It is well-known that partial orders can be seen as very simple categories (those where there is at most one morphism between every two objects).
Then, the notion of "(binary) join of two elements (i.e, the minimum of the upper bounds of these two elements)" can be understood in categorical terms; indeed it corresponds to the coproduct (and so it is a particular case of the colimit construction).
Is there some (well-known?) categorical notion which captures, when constrained to partial orders, the notion of being a minimal element of the upper bounds of these two elements?
I can see some reasonable ways to generalize the definition of the minimality to an (abstract) categorical setting, but either I am considering a very weak notion (i.e., with a lot of instances) or coproducts do not satisfy my property. In both cases I do not feel that the proposals I have thought are reasonable generalizations to the categorical setting.

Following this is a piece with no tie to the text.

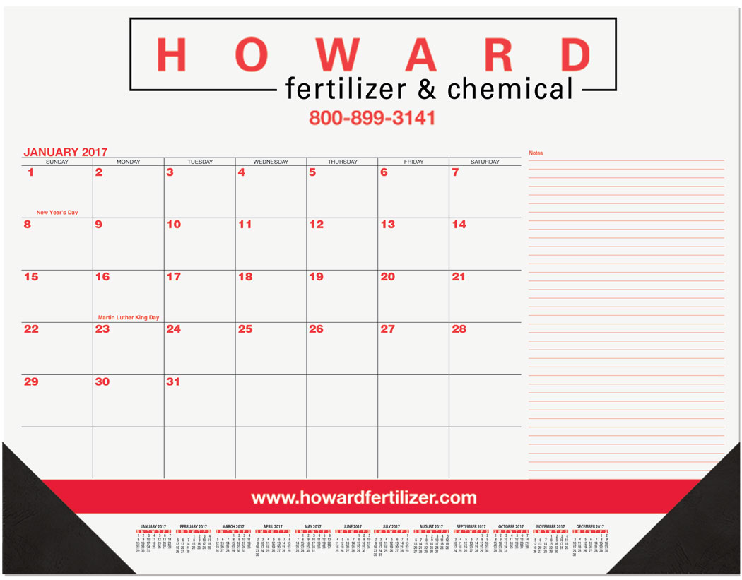 A 13-month Desk Pad Calendar with Months, dates, and larger bottom reference calendar preprinted in Red and Black on 60 lb. white offset paper. Padded at top with 13 sheets to a pad, chipboard back and two corners at bottom of pad. Large 12 month reference calendar standard at bottom of each layout with company logo and information printed in designated imprint areas in one standard color.

If I understand correctly you are looking for a minimal upper bound (whatever that means) instead of a minimum upper bound in a general category. So you can have 2 nonisomorphic minimal objects. This means your contruction cannot be a limit (at least not in an obvious way). Also :how do you define upper bound in a general category? One way to do this is to transform your general category into a preorder (all arrows from a to b go to a single arrow) and then take your minimal upper bounds.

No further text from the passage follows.